[History of Phoenicia by George Rawlinson]@TWC D-Link bookHistory of Phoenicia CHAPTER IX--SHIPS, NAVIGATION, AND COMMERCE 11/31
A passage of Strabo[921] seems to show that--in the later times at any rate--they had a method of calculating the rate of a ship's sailing, though what the method was is wholly unknown to us.
It is probable that they early constructed charts and maps, which however they would keep secret through jealousy of their commercial rivals. The Phoenicians for some centuries confined their navigation within the limits of the Mediterranean, the Propontis, and the Euxine, land-locked seas, which are tideless and far less rough than the open ocean.
But before the time of Solomon they had passed the Pillars of Hercules, and affronted the dangers of the Atlantic.[922] Their frail and small vessels, scarcely bigger than modern fishing-smacks, proceeded southwards along the West African coast, as far as the tract watered by the Gambia and Senegal, while northwards they coasted along Spain, braved the heavy seas of the Bay of Biscay, and passing Cape Finisterre, ventured across the mouth of the English Channel to the Cassiterides. Similarly, from the West African shore, they boldly steered for the Fortunate Islands (the Canaries), visible from certain elevated points of the coast, though at 170 miles distance.
Whether they proceeded further, in the south to the Azores, Madeira, and the Cape de Verde Islands, in the north to the coast of Holland, and across the German Ocean to the Baltic, we regard as uncertain.

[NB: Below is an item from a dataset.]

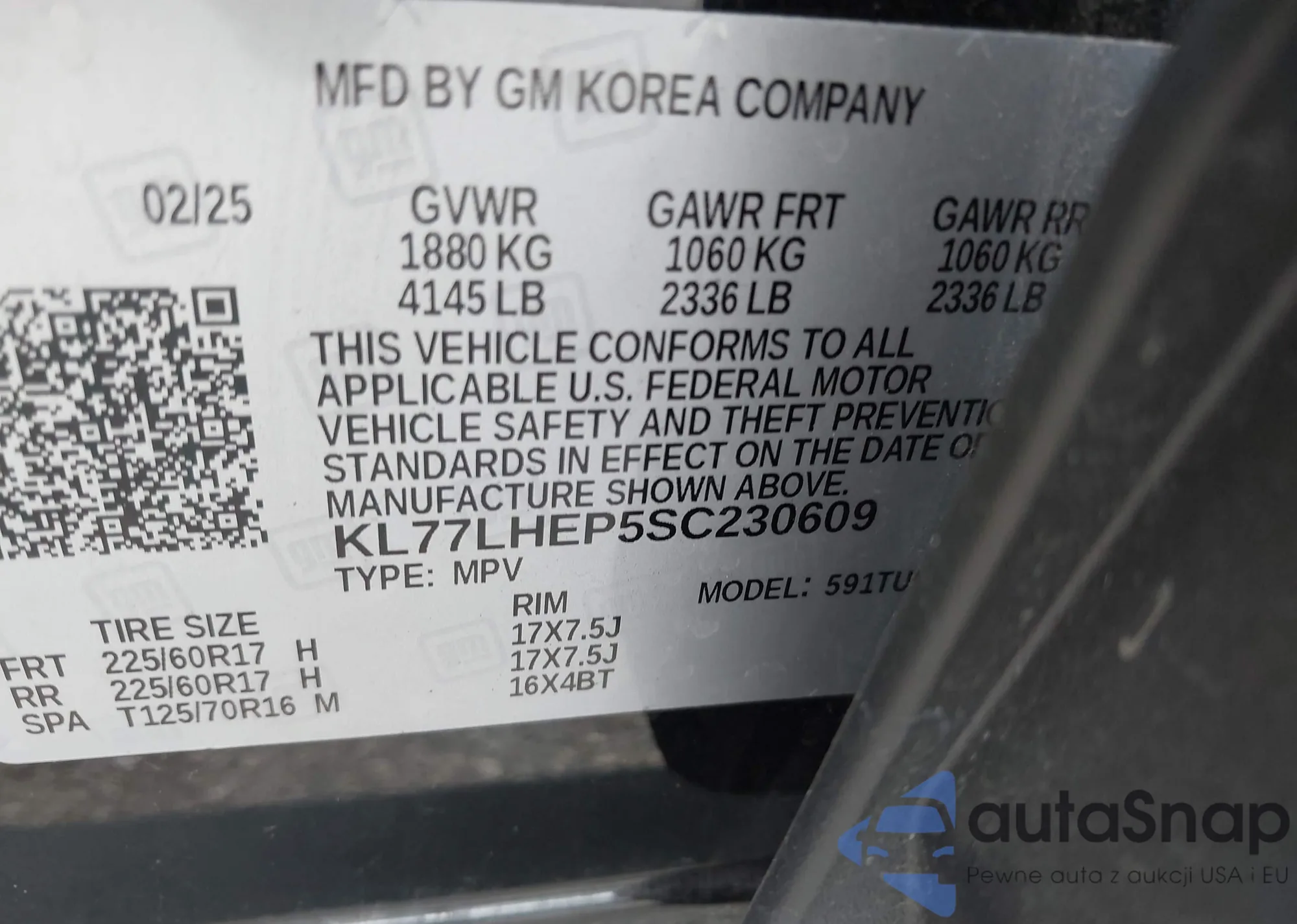 LOT: 44220050 VIN: KL77LHEP5SC230609

It is possible that from time to time some of the more adventurous of their traders may have reached thus far; but their regular, settled, and established navigation did not, we believe, extend beyond the Scilly Islands and coast of Cornwall to the north-west, and to the south-west Cape Non and the Canaries. The commerce of the Phoenicians was carried on, to a large extent, by land, though principally by sea.